Despite reports of investor reticence at backing a carrier of crude, Teekay Offshore, which was later renamed Altera Infrastructure, insisted it was satisfied with the attempt.
“Investors showed great interest in the green credentials of this bond, and it created important discussions around the definition of green,” Altera finance director Terje Selle Rundberg said.
“It is easy for investors to exclude certain sectors, such as those related to fossil fuel, and this bond highlighted the fact that many of the dedicated green bond funds have exclusion criteria in place that makes them unable to invest in our part of the shipping sector.
“If the aim is to contribute to sustainable development, such exclusionary criteria may not be the best approach as it does not give them the possibility to assist certain sectors in the green transition.”
The insurance, whose proceeds were used to fund four 130,000-dwt LNG-fuelled newbuildings, was the first successful bond sale to ESG investors by a Western shipowner.
In general practice for green finance deals, specialist environmental consultancies such as Vigeo Eiris and Cicero provide so-called second opinions on projects to help interested investors gauge their environmental credentials.
However, the rating agencies do not establish criteria themselves. Instead, they set up their assessment methodologies based on some standards set by non-governmental organisations, industry and regulatory bodies.
Those include the Green Bond Principles by the International Capital Market Association, and the Green Loan Principles by the Loan Market Association, Asia Pacific Loan Market Association, and the Loan Syndications and Trading Association.
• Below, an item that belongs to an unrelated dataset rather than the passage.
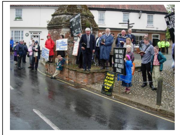
Some Walsingham Non-Pilgrims
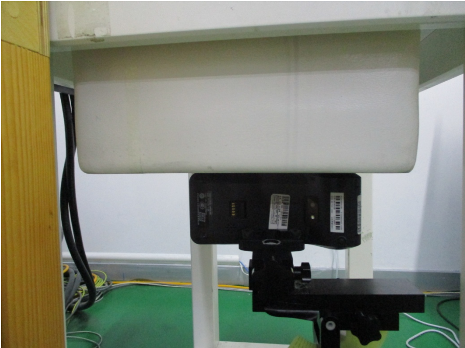
Bottom Setup Photo(0mm)

Recommendations of the Sustainable Accounting Standards Board and the Task Force on Climate-Related Financial Disclosure can also be referenced during their assessment process.
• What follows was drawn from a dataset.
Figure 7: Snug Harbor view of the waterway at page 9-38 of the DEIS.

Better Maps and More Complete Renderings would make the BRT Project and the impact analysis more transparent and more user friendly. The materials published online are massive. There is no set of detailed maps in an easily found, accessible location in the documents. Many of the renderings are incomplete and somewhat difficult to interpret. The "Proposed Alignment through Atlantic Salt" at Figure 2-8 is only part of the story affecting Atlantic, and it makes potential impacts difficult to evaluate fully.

The Climate Bonds Initiative (CBI) has also announced a draft set of rules for the shipping industry that suggest crude tankers and LNG carriers do not deserve to tap into ESG financing.
This is mainly because the non-profit organisation sets its criteria across all industries based on the target to limit global temperature increase to 1.5C.
The draft criteria have prompted concerns from some shipping players. Of the $216bn climate bonds that have been issued in various sectors so far this year, $117bn are aligned with CBI standards.
“Shipping assets being dedicated to [the] transport of fossil fuel, irrespective of their environmental credentials, may be excluded from raising green bond finance as recently proposed by the CBI,” Klaveness Combination Carriers chief executive Engebret Dahm said.
“If approved, this may also have [a] negative impact on the ability of this part of the shipping business to raise funds from ESG equity-investors and banks.”
The CBI criteria are expected to be finalised by the end of September at the latest.
Matt Coyne contributed to this article.